TASK GOAL -> Exactly the lines from the line containing "Wenn du eine" through the final line of the entries below must be returned, and only those, without pictures.

MATERIAL SUPPLIED ->

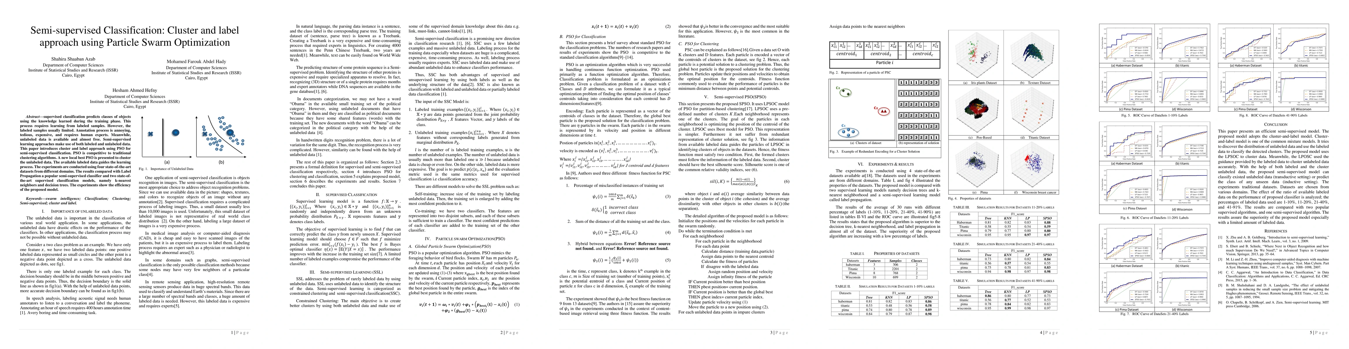 This paper proposes a semi-supervised classification method using Particle Swarm Optimization (PSO) to cluster and label data. The approach leverages both labeled and abundant unlabeled data, demonstrating competitive performance compared to Label Propagation and supervised models like k-nearest neighbors and decision trees.
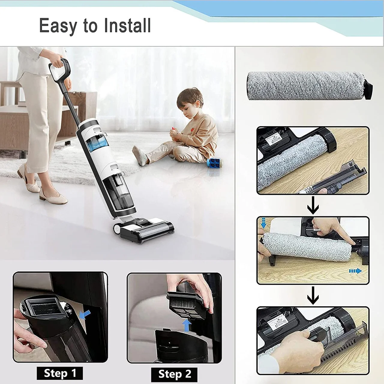 Roller brush: Soft roller brush with bristles for vacuuming and washing the floor simultaneously.
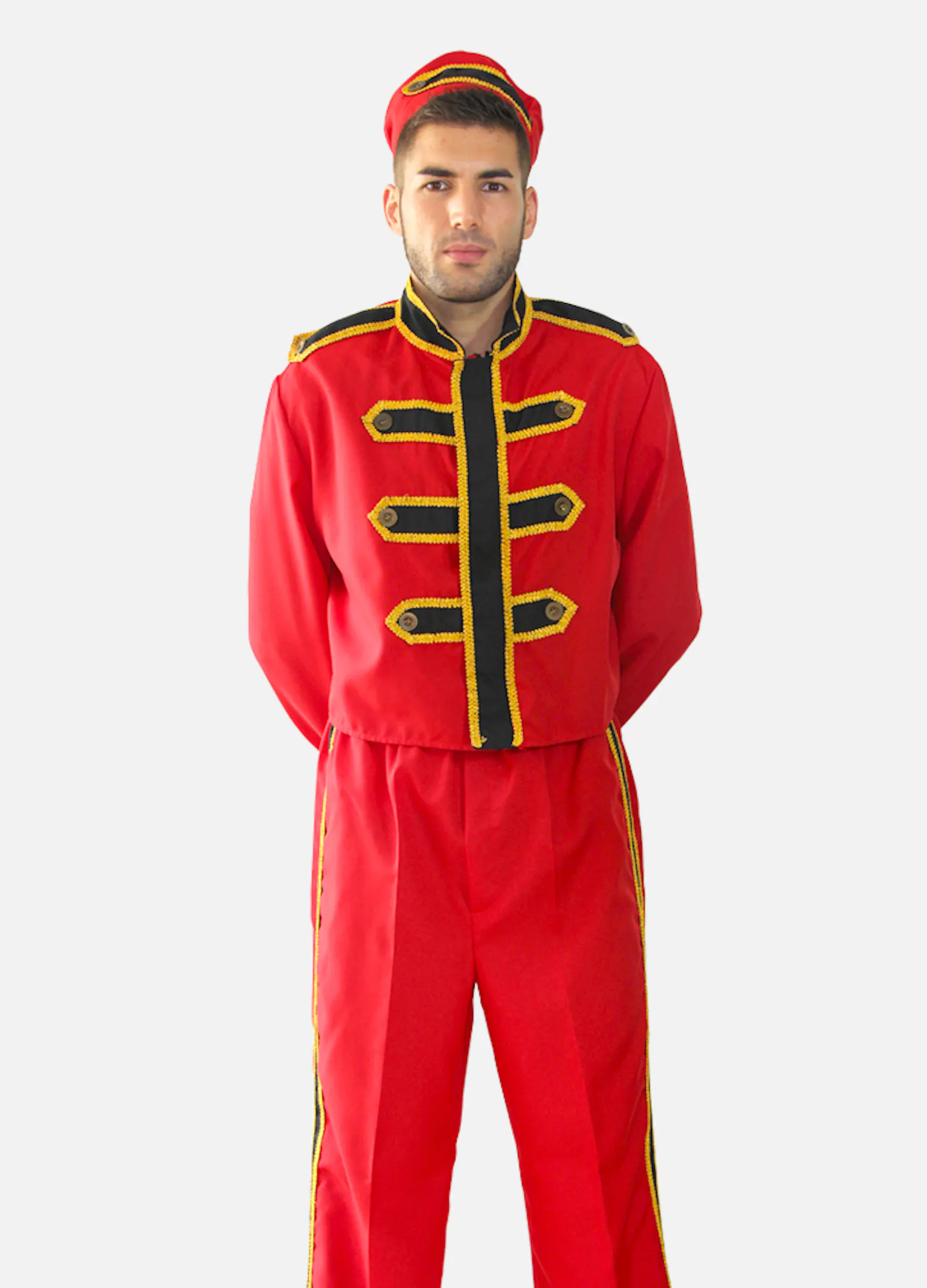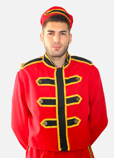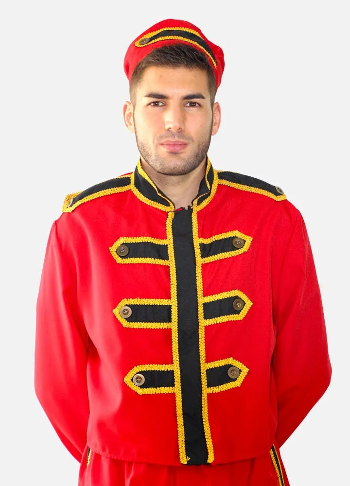 • Ensemble groom composé d’une veste courte typique de couleur rouge et noire avec bordures dorées.
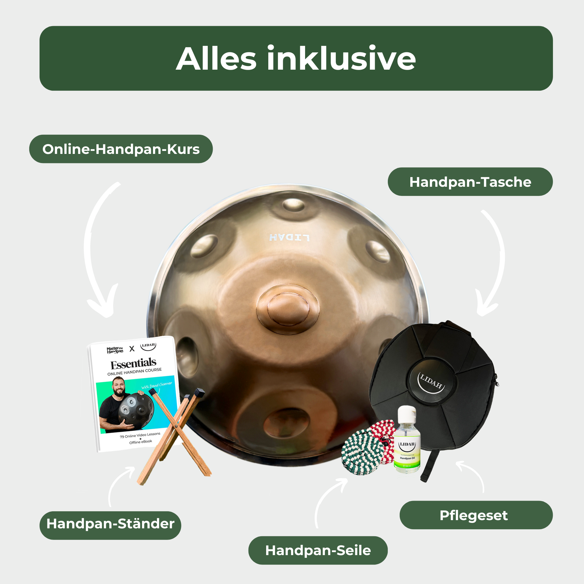 Wenn du eine LIDAH Handpan bestellst, bekommst du nicht nur ein Instrument, sondern ein komplettes Set, mit dem du deine Klangreise sofort starten kannst:
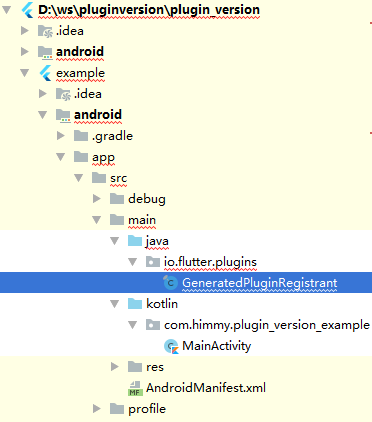 在如下路径有一个自动生成的GeneratedPluginRegistrant类,里面会自动生成对对插件PluginVersionPlugin的导入和注册

YOUR RESPONSE ->
 Wenn du eine LIDAH Handpan bestellst, bekommst du nicht nur ein Instrument, sondern ein komplettes Set, mit dem du deine Klangreise sofort starten kannst:
 在如下路径有一个自动生成的GeneratedPluginRegistrant类,里面会自动生成对对插件PluginVersionPlugin的导入和注册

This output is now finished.